## DATASET EXTRACT
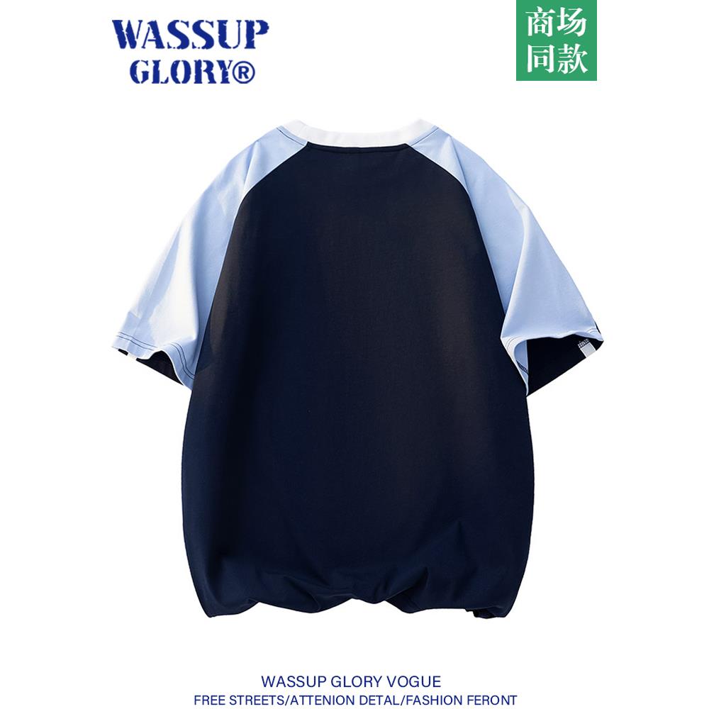 WASSUP GLORY潮牌短袖t恤男夏季美式复古撞色拼接上衣休闲情侣装
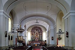 An das rechteckige dreijochige Langhausinnere mit einem schmalen Emporenjoch schließt ein leicht eingezogener Chor mit geradem Schluss an. Die Wände sind mit eingezogenen Doppelwandpfeilern gegliedert, darüber schließen korbbogenartige Doppengurtbögen mit Platzlgewölben an, welche moderne barockisierende Stuckkartuschen tragen. Im nördlichen Langhausbereich öffnet sich das Langhaus östlich zum spitztonnengewölbten romanischen Turmquadrat und flankiert zu den gotischen Seitenschiffen und heutigen Seitenkapellen unter Netzrippengewölben aus der zweiten Hälfte des 15. Jahrhunderts. Nach dem Turmquadrat zeigt sich ein hoch proportionierter einjocher Chor mit einem Fünfachtelschluss aus der zweiten Hälfte des 14. Jahrhunderts. Die Anläufe des Kreuzrippengewölbe tragen barocke Stuckreliefs geflügelter Engelköpfe aus dem vierten Viertel des 17. Jahrhunderts. In der Nordwand ist ein Schulterportal zur alten Sakristei und eine rundbogige Sakramentsnische mit einem Blendmaßwerkrelief darübern und mit einem reichen Schmiedeeisengitter aus der zweiten Hälfte des 15. Jahrhunderts.
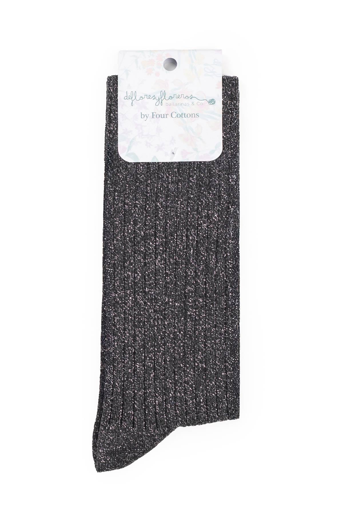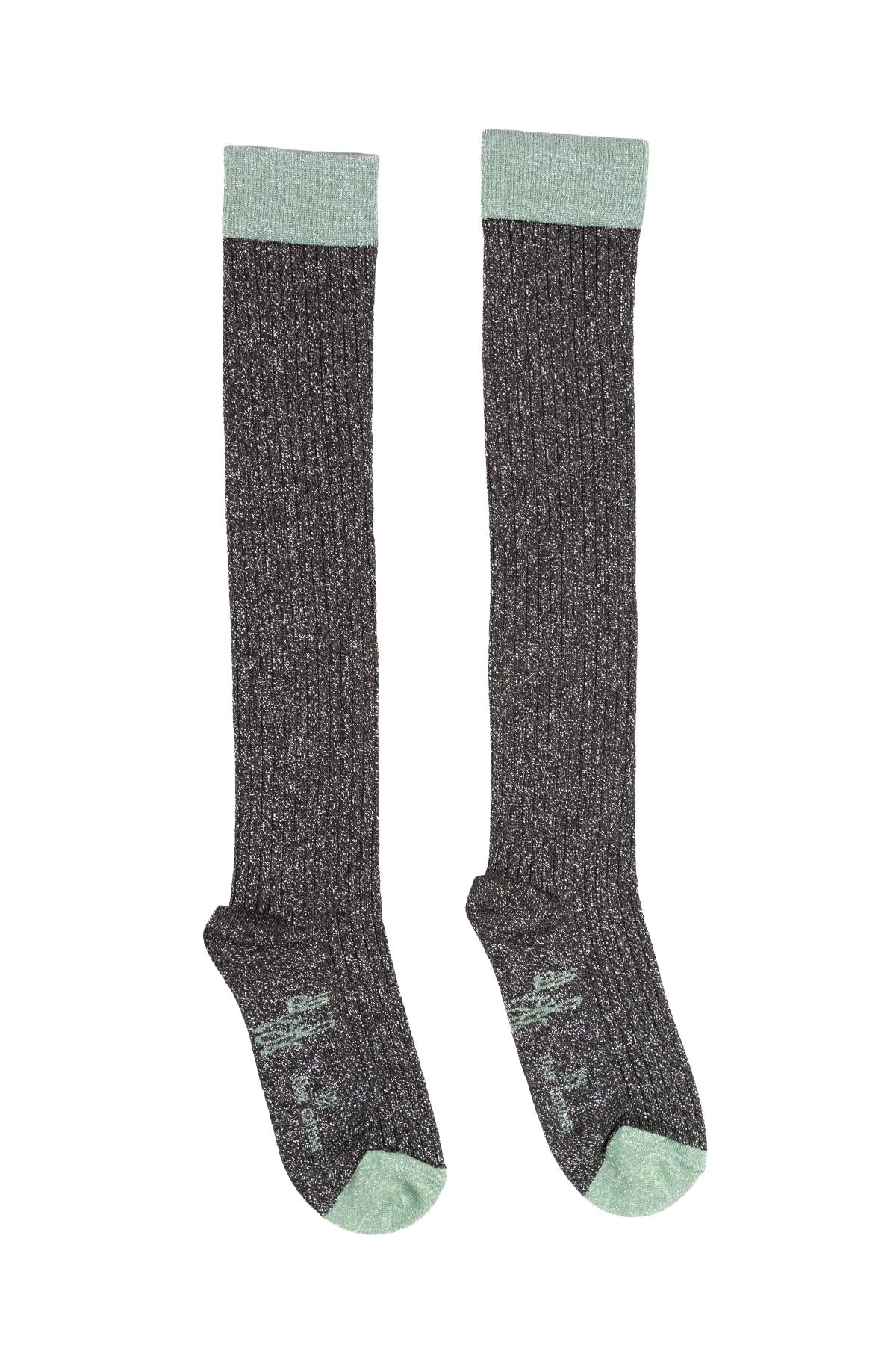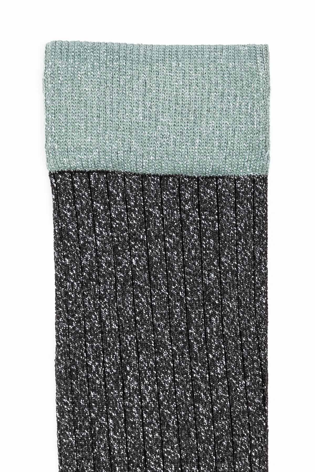 Meia de algodão de cano alto bicolor. Design com biqueira e faixa da mesma cor e glitter.

## YOUR INSTRUCTIONS
Please write out all the data again word for word, but not the pictures.

## ANSWER BELOW
 WASSUP GLORY潮牌短袖t恤男夏季美式复古撞色拼接上衣休闲情侣装
 An das rechteckige dreijochige Langhausinnere mit einem schmalen Emporenjoch schließt ein leicht eingezogener Chor mit geradem Schluss an. Die Wände sind mit eingezogenen Doppelwandpfeilern gegliedert, darüber schließen korbbogenartige Doppengurtbögen mit Platzlgewölben an, welche moderne barockisierende Stuckkartuschen tragen. Im nördlichen Langhausbereich öffnet sich das Langhaus östlich zum spitztonnengewölbten romanischen Turmquadrat und flankiert zu den gotischen Seitenschiffen und heutigen Seitenkapellen unter Netzrippengewölben aus der zweiten Hälfte des 15. Jahrhunderts. Nach dem Turmquadrat zeigt sich ein hoch proportionierter einjocher Chor mit einem Fünfachtelschluss aus der zweiten Hälfte des 14. Jahrhunderts. Die Anläufe des Kreuzrippengewölbe tragen barocke Stuckreliefs geflügelter Engelköpfe aus dem vierten Viertel des 17. Jahrhunderts. In der Nordwand ist ein Schulterportal zur alten Sakristei und eine rundbogige Sakramentsnische mit einem Blendmaßwerkrelief darübern und mit einem reichen Schmiedeeisengitter aus der zweiten Hälfte des 15. Jahrhunderts.
 Meia de algodão de cano alto bicolor. Design com biqueira e faixa da mesma cor e glitter.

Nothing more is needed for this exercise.